This time, promises alone may not feed North Korea
U.S. seems determined to hold out food aid until it sees moves to disarm

By Blaine Harden
Washington Post Foreign Service
Thursday, November 19, 2009

SEOUL -- For the Obama administration, North Korea has followed a familiar script. It has made trouble, exploding a nuclear device. It has made nice, inviting U.S. officials to visit. And it has made a mess of growing food, needing handouts from the rich countries it threatens.

President Obama, in a meeting here Thursday with South Korean President Lee Myung-bak, will focus on North Korea's vexingly repetitive behavior and discuss strategies to lure the isolated state into giving up its nuclear program.

One lure was announced last week: The Obama administration will satisfy the North's desire for high-level personal contact with the United States, sending a special envoy, Stephen W. Bosworth, to Pyongyang. His limited mission will be to persuade North Korean officials to return to Beijing and resume disarmament talks with China, Russia, Japan, South Korea and the United States.

But Obama is not planning to win concessions from Kim Jong Il's government by sending food, even though a food crisis is again developing in the North.

"Food aid will not be a part of the package," said a senior administration official traveling with the president. "This is about North Korea's obligations with regard to its nuclear program and the six-party talks."

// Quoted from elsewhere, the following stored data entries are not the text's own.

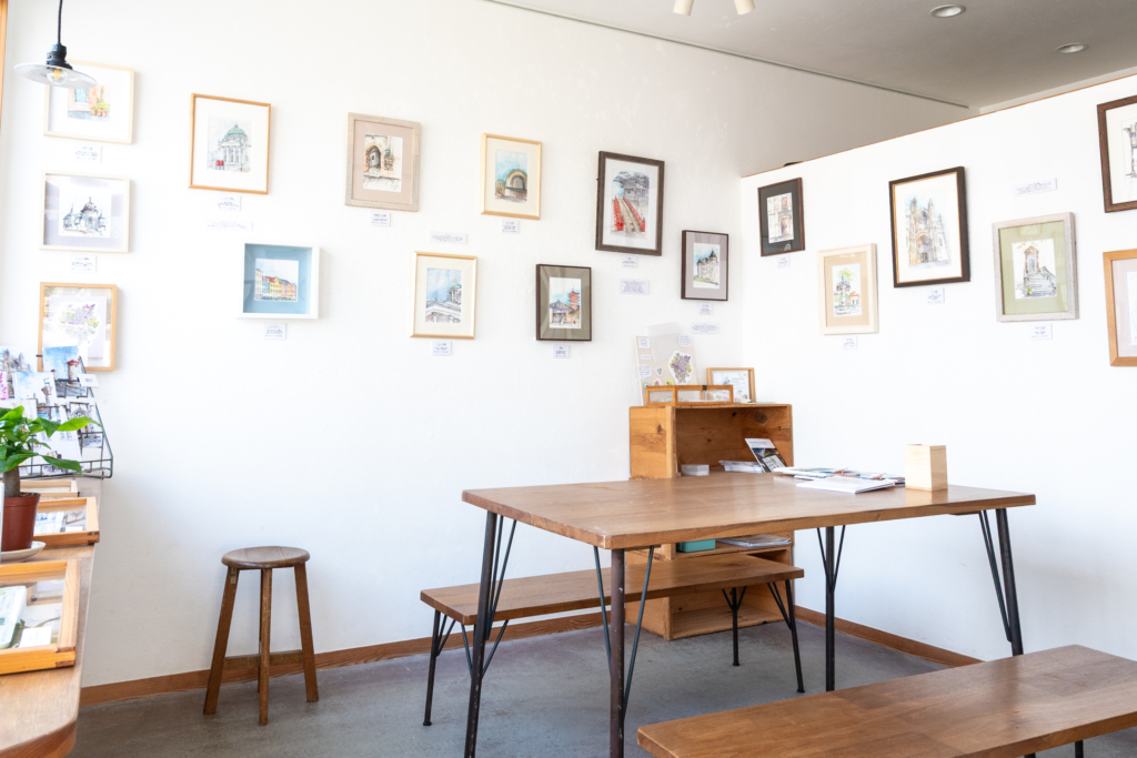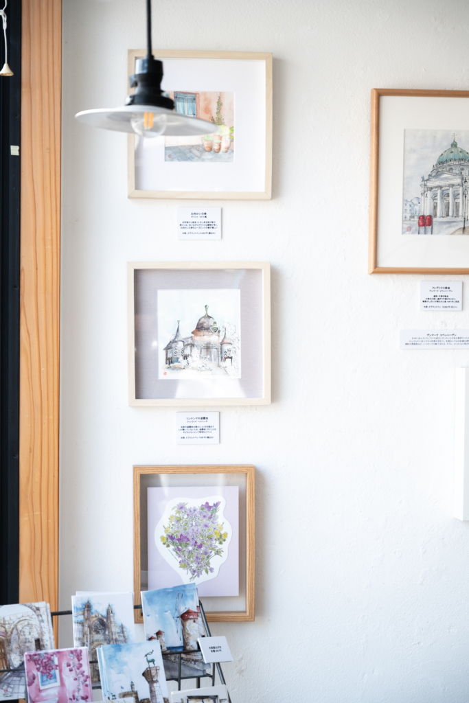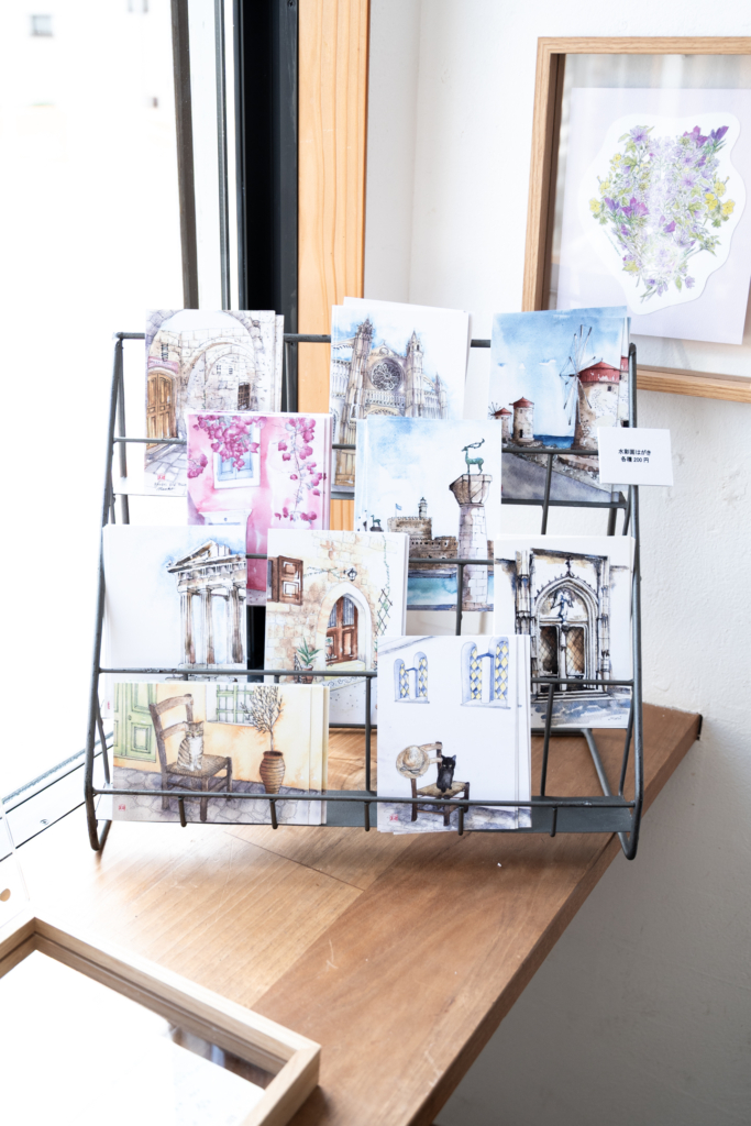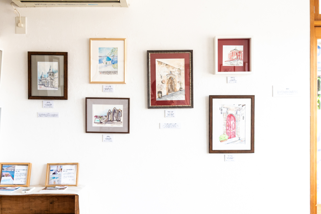 本作品展では、現在住んでいるギリシャのロドス島の風景を中心に、ヨーロッパ他国や一時帰国中に日本で描いた水彩画、一緒に旅してきたスケッチブックを展示しています。ぜひご覧いただければ幸いです。
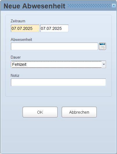 Dieses Feld öffnet die Maske für eine neue Abwesenheit.
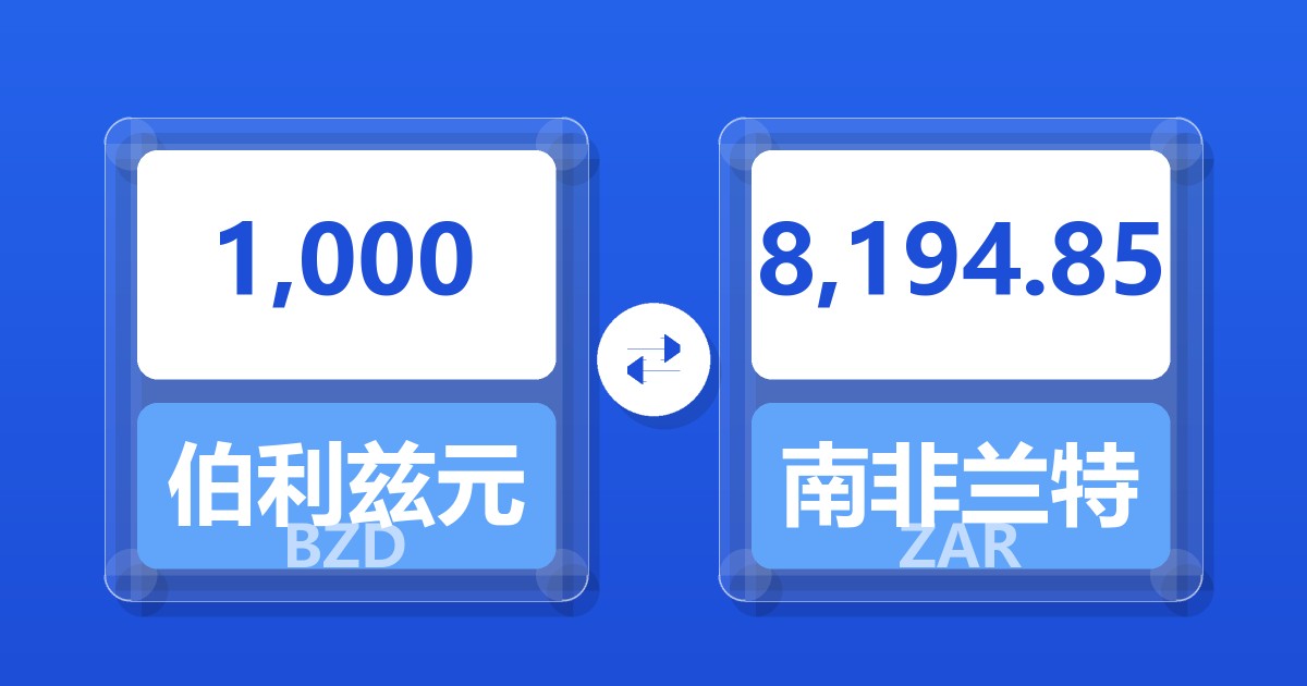 1,000 伯利兹元 (BZD) = 8,199.55 南非兰特 (ZAR)

The Obama administration says it knows better than to reward North Korea for merely promising to stop behaving badly. As Defense Secretary Robert M. Gates has put it, "I am tired of buying the same horse twice."

Still, it is a Washington buying habit that has proved hard to break. Presidents Bill Clinton and George W. Bush traded food for talks with North Korea at least 13 times, according to a chart compiled by Stephan Haggard and Marcus Noland, co-authors of several books on famine in the North.

The tough line that Obama appears to be taking on food has been more than matched in the past two years by South Korea.

Under Lee, a right-of-center construction executive who was elected president in 2007, Seoul halted a decade of massive and unconditional shipments of food and fertilizer to North Korea.

The cutbacks infuriated Kim's government while depriving the North of about half a million tons of food a year and of the chemical fertilizer needed to grow an additional half-million tons.

As a consequence of those aid cuts and of its own disastrous agriculture policies, North Korea is again at risk of widespread and life-threatening food shortages, experts say.

"It is very urgent now because all the reserves have been used up in the past two years," said Kwon Tae-jin, a director of the Seoul-based Korea Rural Economic Institute. "At this harvest, even farmers are having a hard time getting access to their own food because the military extracts a big part of production."

State distribution of food rations has declined continually throughout 2009, Kwon said. Much of this food, he said, is being diverted by corrupt officials and sold in private markets.

A food crisis will strike North Korea between March and June of next year, if estimates of a poor harvest are accurate, according to Kim Chun-sig, director general of policy at South Korea's Unification Ministry.

North Korea lacks arable land, denies incentives to farmers and cannot afford fuel or modern machinery. Even in good years, it falls about 1 million tons short of the 5.5 million tons of rice, corn and other crops it needs to fill the most basic needs of its 23.5 million people.

In the past year, U.N. food agencies have estimated that about a third of the population is malnourished, with rates highest among children, pregnant women and the elderly. Stunting is common, infant mortality is abnormally high, and severe malnutrition among young children has caused widespread mental retardation, doctors and U.N. nutritionists say.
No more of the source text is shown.